Our proposal is to move both compiler-rt and libc++, libc++abi, libunwind into a new location that would support cross-compilation and unify the layout:

headers: $prefix/lib/clang/$version/include(/$triple)(/c++/v1)
libraries: $prefix/lib/clang/$version/$triple/lib/$name.$ext

This means that for compiler-rt, the main difference would be moving the runtime libraries to an target specific subdirectory rather than including the architecture in the library name; for libc++, libc++abi, libunwind, both headers and libraries will be moved to a new, target specific location.

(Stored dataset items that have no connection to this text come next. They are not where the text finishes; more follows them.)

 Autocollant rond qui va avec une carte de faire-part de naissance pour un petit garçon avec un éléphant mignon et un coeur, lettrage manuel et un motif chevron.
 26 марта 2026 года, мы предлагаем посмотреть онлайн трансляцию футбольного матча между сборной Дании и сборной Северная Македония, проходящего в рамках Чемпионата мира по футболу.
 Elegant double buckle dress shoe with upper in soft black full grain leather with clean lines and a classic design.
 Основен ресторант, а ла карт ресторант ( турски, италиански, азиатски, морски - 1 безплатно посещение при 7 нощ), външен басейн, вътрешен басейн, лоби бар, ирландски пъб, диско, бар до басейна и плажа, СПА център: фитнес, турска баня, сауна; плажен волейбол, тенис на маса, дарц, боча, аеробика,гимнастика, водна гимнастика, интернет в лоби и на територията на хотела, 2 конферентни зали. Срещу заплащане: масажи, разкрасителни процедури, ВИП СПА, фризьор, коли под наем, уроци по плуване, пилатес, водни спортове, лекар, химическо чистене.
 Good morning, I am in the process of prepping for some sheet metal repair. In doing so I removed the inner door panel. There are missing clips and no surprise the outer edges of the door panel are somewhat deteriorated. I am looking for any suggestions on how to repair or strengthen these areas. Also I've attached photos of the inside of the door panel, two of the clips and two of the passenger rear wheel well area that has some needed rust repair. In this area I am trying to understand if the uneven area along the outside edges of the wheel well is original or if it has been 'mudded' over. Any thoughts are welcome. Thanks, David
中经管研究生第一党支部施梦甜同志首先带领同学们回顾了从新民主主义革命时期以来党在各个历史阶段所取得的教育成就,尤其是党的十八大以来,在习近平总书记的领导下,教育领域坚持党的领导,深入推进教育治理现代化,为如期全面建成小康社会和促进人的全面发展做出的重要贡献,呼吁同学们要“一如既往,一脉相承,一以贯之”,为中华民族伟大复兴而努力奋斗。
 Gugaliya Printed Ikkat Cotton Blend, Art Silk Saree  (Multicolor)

In terms of implementation, we’ll need to modify the Clang driver to use this location when looking for runtimes and C++ libraries and headers. This should be a non-intrusive change: we’ll modify the driver to look into the new location in addition to the existing ones, so if the new path doesn’t exist, the driver will simply fallback to the existing behavior. When this is done, we need to modify the CMake build to install files into the new location.

This layout would be only used when runtimes are built as part of the llvm/runtimes tree or using LLVM_ENABLE_RUNTIMES in the monorepo layout (because this setup supports cross-compiling runtimes). When built as part of LLVM or standalone, libc++, libc++abi, libunwind would still install their files to $prefix/include and $prefix/lib as today.

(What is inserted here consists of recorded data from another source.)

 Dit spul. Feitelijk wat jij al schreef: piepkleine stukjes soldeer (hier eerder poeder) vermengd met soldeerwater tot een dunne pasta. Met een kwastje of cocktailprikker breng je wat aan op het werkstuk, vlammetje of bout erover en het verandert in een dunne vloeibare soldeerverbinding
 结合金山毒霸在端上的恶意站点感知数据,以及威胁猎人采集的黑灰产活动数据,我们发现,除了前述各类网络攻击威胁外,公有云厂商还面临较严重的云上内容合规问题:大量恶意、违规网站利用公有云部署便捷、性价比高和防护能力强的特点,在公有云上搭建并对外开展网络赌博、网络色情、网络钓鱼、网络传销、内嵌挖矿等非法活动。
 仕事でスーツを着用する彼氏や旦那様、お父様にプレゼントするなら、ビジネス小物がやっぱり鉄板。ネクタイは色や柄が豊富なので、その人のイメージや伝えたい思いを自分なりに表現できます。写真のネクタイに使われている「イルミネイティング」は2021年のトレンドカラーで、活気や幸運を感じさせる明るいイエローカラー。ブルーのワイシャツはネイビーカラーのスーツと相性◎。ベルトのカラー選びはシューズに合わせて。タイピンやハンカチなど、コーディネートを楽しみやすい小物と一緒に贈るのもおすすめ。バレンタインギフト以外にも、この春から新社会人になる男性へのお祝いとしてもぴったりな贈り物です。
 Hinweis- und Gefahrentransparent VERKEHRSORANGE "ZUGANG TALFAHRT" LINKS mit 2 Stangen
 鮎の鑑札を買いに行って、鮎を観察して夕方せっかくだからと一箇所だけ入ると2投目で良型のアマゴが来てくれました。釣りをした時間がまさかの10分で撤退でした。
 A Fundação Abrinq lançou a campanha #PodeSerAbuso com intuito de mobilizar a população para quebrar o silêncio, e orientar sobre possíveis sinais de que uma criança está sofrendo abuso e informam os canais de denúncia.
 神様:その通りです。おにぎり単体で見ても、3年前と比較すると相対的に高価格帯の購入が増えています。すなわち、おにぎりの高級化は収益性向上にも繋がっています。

Once the overall scheme is agreed upon, we could also consider de-duplicating C++ headers across targets, by moving shared headers into a common directory, with only varying subset in include/$triple.

To give an example, for x86_64 and aarch64 Linux, this would look like:

$prefix/lib/clang/6.0.0/include/sanitizer

$prefix/lib/clang/6.0.0/include/c++/v1
$prefix/lib/clang/6.0.0/include/x86_64-linux-gnu/c++/v1/__config


$prefix/lib/clang/6.0.0/x86_64-linux-gnu/lib/libclang_rt.asan.so

$prefix/lib/clang/6.0.0/x86_64-linux-gnu/lib/libc++.so

$prefix/lib/clang/6.0.0/aarch64-linux-gnu/lib/libclang_rt.asan.so

$prefix/lib/clang/6.0.0/aarch64-linux-gnu/lib/libc++.so

I don't understand what you mean. Normally, $prefix is part of sysroot
and there is no problem here.

Joerg

Today, there're two different locations for runtimes files within Clang's installation:

compiler-rt:
headers: $prefix/lib/clang/$version/include(/sanitizer)
libraries: $prefix/lib/clang/$version/lib/$os/libclang_rt.$name-$arch.$ext

libc++, libc++abi, libunwind:
headers: $prefix/include/c++/v1
libraries: $prefix/lib/$name.$ext

The scheme used by libc++, libc++abi, libunwind doesn't support targets other than the host which is a problem when cross-compiling.

Yes, it does: --sysroot=

What's currently missing is a standardized naming for a) where the sysroots live, and b) what they're named. Host libraries should continue to live in $prefix/{include, lib, lib32, lib64} as appropriate, whereas target libraries should live in something like: $prefix/clang-runtimes/$triple/$multilib/{usr/include, usr/lib, etc.}

  In our

toolchain, we would like to build runtimes for all host and target platforms we support, e.g. a single toolchain will have runtimes for x86_64 and aarch64 Linux, Fuchsia and Windows. All you need to provide is the target triple and the sysroot. While this is possible with builtins, sanitizers and other compiler-rt runtimes, it's not possible with libc++, libc++abi, libunwind.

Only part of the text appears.